Decision on Error of Law
13. At the hearing both representatives made brief submissions at the end of which I reserved my decision which I now give with reasons.
14. In amplifying the Grounds of Appeal Mr Khan contended that in view of the Judge's acceptance that a reasonable explanation had been provided explaining the couple's absence and as to why Immigration Officers were unable to gain access to their property, the Respondent had failed to establish a prima facie case of reasonable suspicion indicating that the marriage was one of convenience and the Judge should have found so. There is no merit in that submission. As rightly pointed out by Ms Isherwood the Respondent's cause for suspicion was in addition based on the limited evidence of cohabitation provided with the application, which does not appear to have been disputed. The Judge was thus entitled to consider the evidence of cohabitation and her decision is not flawed as a consequence.
15. There are difficulties however with the Judge's approach to the evidence. There is no clear rejection of the evidence of the Appellant and Sponsor. The Judge impliedly rejects the entirety of their accounts noting inconsistencies in the evidence which are not spelt out in any detail. There is thus an absence of clear factual findings which should be prevalent particularly in a case of this kind.
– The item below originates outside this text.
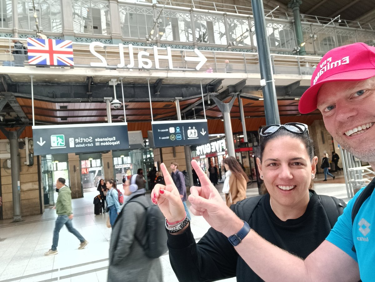 Ráno vstáváme kolem sedmé, ani nesnídáme a kolem třičtvrtě na 8 vycházíme z hotelu na stanici metra. Jedeme metrem na Gare du Nord, ale Ív zatím jen asi tuší, kam pojedeme. Hlavně čím. Přicházíme na hlavní nástupiště a já jí ukazuju TGV a říkám že tím nepojedeme, otáčím se a ukazuji na britskou vlajku v čele nástupiště. Ív má velkou radost. Jdeme se zařadit do fronty na celní a pasovou kontrolu. Procházíme bez větších problémů a máme cca hodinu čas, takže snídáme zásoby z předchozího dne. Máme sýr, paštiku a bagetu.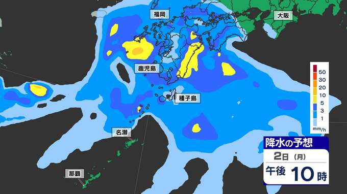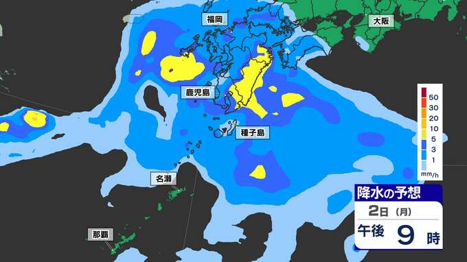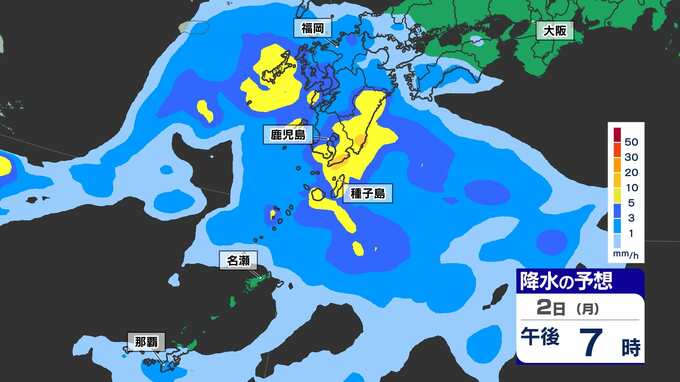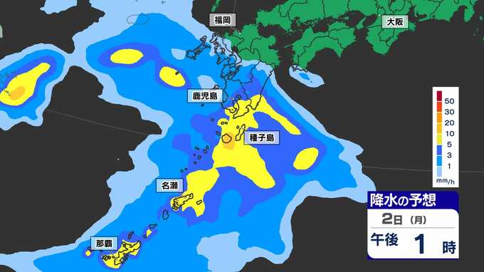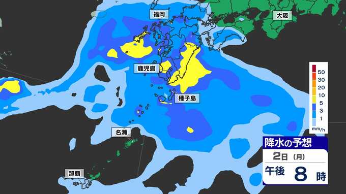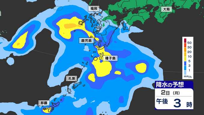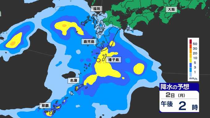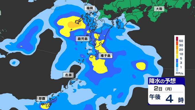3. 【鹿児島 前線通過】警報級大雨のおそれ 2日(月)は気温上がらない 薩摩大隅 20℃前後の最高気温【雨のシミュレーション2日(月)~3日(火)】あすは傘と上着を持って

16. There are particular difficulties with the Judge's consideration of the documentary evidence. While the Judge refers to the Thames Water bill as the only documentary evidence of the Appellant's residence at 346 Harrow Road [47], and the absence of an explanation as to why the tenancy agreement is in the name of Mr and Mrs Ramos; these conclusions are not factually correct. The Thames Water bill is for Flat E 346 Harrow Road. That address is confirmed in the letters of the respective employers of the Appellant and Sponsor and that evidence was accepted by the Judge at [45]. There is also a letter from Mr Ramos explaining in effect that he is the registered tenant of Flat E which he shares with the Appellant and Sponsor. The Judge's decision suggests that this documentary evidence has not been taken into account or, if it has, the Judge has not demonstrated that she has considered it and provided reasons as to why the evidence is to be rejected.
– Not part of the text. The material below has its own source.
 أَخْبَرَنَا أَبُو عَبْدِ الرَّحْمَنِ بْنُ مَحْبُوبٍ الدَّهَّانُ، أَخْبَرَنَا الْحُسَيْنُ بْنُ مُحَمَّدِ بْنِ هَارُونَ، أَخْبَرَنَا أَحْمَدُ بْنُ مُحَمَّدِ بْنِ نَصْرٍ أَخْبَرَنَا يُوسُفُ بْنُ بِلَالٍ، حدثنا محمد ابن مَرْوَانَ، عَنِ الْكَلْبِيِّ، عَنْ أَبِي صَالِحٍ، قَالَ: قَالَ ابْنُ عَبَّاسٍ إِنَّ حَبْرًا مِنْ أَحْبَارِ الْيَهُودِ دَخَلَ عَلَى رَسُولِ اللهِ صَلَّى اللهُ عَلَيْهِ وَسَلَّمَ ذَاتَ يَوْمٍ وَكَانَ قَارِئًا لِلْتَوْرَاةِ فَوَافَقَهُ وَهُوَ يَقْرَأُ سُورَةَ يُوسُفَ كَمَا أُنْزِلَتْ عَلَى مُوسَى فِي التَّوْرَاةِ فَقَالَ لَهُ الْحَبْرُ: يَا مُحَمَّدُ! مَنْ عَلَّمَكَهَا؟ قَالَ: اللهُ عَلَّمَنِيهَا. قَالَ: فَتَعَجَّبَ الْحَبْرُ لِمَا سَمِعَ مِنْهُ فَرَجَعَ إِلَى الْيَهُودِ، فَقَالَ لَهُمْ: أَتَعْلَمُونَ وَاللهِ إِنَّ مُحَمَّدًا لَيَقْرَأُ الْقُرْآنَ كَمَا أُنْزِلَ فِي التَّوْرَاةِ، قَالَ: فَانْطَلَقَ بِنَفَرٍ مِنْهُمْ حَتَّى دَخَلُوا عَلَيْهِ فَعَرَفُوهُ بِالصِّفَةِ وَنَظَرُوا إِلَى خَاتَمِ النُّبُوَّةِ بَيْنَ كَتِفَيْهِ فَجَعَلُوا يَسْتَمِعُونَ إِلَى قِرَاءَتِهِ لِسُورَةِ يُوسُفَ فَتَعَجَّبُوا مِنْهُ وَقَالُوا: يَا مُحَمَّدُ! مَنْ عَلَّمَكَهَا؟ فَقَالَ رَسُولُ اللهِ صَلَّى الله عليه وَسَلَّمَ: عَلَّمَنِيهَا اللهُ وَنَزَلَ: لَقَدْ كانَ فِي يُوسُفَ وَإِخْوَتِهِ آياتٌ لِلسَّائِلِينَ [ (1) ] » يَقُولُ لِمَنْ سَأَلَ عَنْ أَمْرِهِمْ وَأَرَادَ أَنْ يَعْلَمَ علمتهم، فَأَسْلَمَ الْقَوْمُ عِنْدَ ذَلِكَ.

17. While I do not say that the decision ultimately reached by the Judge is wrong, the manner and process by which she reached her decision is materially flawed and cannot stand.
Decision
The decision of the First-tier Tribunal is set aside. No findings are to stand save for those at [37] to [45] of the Decision. Under section 12(2)(b)(i) of the 2007 Act and Practice Statement 7.2, the nature and extent of judicial fact finding necessary for the decision to be remade is such that it is appropriate to remit the case to the First-tier Tribunal to be heard by a judge other than Judge Wyman.
Anonymity
No anonymity direction was made by the First-tier Tribunal. There has been no request for anonymity to the Upper Tribunal and I see no need to make an order.